# [Your assignment]
Starting at the line that holds "Les pipettes spot-on" and stopping at the line that holds "- Оптимальная производительность", restate the records below word for word, with both of those lines included.

:::

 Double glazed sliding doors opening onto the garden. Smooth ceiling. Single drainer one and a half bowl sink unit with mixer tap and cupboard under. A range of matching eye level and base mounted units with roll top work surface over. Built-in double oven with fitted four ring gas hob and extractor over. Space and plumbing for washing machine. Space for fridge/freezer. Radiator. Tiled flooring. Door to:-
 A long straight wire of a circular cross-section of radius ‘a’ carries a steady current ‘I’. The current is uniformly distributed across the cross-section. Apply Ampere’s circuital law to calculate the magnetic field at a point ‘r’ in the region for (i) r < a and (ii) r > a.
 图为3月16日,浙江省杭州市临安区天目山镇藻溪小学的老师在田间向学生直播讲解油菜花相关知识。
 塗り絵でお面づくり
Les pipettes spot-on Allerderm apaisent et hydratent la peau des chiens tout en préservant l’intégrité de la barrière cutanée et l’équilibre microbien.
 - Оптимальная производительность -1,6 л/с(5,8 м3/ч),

:::

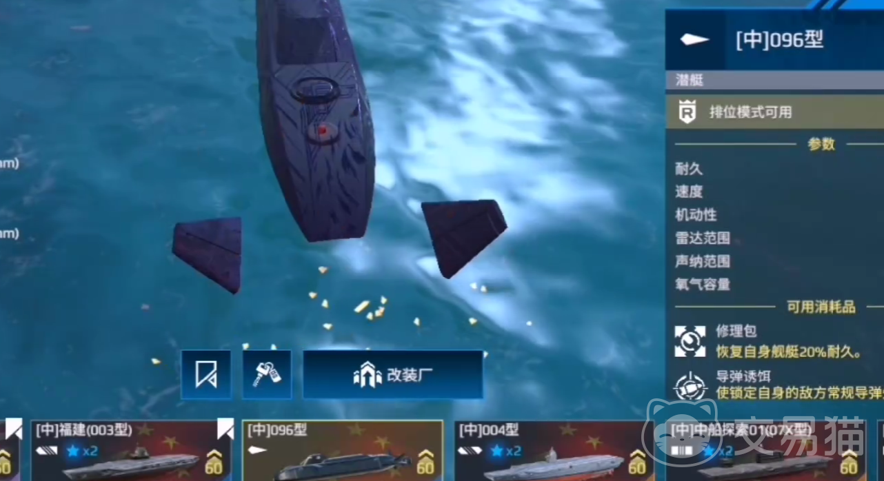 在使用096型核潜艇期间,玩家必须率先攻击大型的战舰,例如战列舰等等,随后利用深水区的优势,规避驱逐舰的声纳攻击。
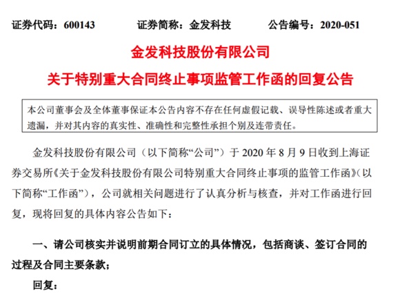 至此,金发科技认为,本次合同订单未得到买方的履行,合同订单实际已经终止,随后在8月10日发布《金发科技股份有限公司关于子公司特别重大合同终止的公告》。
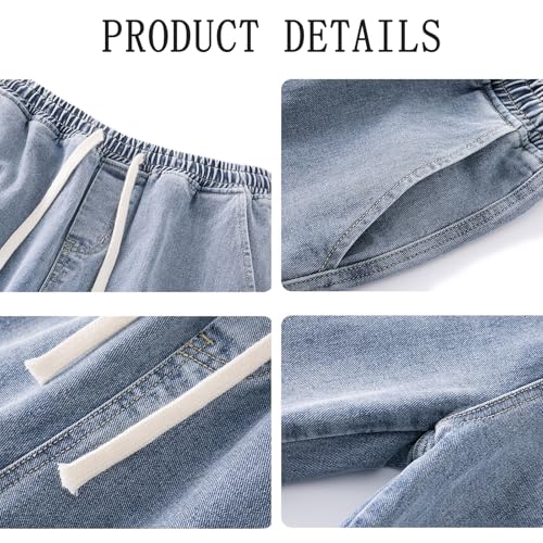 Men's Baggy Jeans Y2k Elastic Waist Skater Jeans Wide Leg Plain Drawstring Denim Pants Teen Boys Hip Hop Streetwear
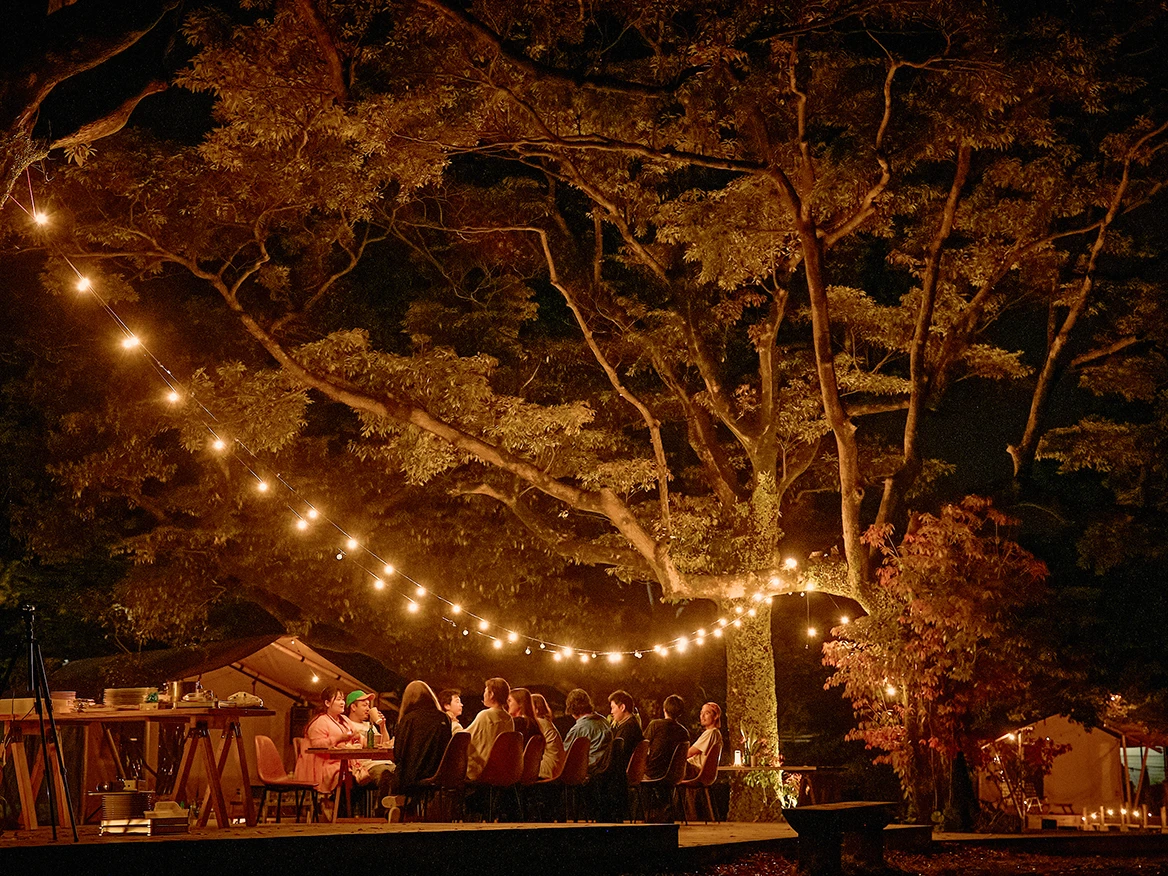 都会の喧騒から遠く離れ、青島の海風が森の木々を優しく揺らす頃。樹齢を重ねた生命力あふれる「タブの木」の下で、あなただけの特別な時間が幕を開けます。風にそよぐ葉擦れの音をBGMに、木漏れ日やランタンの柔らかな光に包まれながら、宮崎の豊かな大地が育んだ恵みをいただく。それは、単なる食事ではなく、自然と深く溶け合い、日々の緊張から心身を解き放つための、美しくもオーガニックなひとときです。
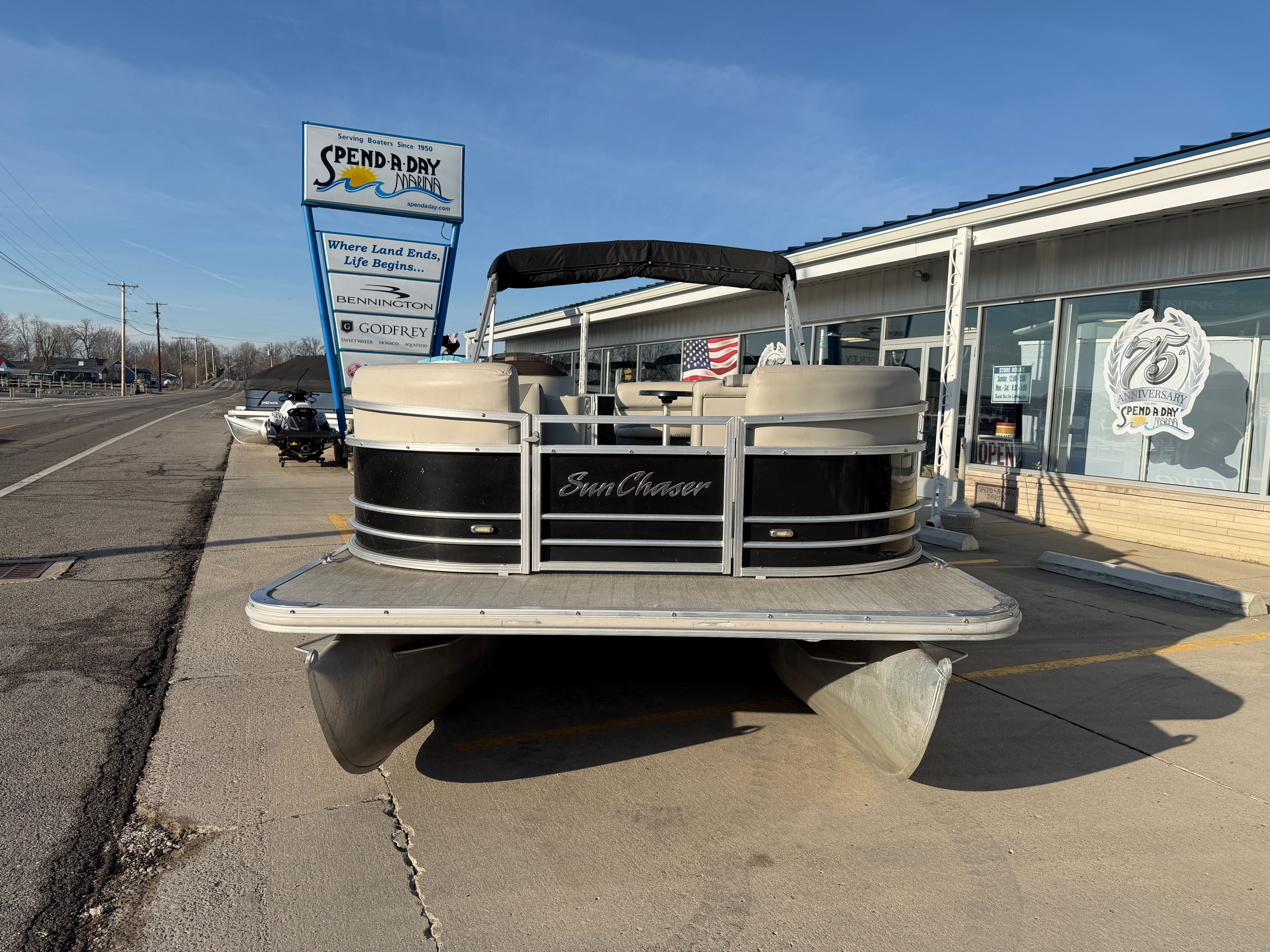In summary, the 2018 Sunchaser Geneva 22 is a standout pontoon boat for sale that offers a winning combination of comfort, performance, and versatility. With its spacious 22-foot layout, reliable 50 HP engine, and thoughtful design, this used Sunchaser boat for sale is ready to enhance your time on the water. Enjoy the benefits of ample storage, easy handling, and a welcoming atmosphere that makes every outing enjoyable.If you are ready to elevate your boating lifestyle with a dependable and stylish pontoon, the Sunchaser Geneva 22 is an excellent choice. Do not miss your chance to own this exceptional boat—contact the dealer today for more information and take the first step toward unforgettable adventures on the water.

:::

# [Expected answer]
Les pipettes spot-on Allerderm apaisent et hydratent la peau des chiens tout en préservant l’intégrité de la barrière cutanée et l’équilibre microbien.
 - Оптимальная производительность -1,6 л/с(5,8 м3/ч),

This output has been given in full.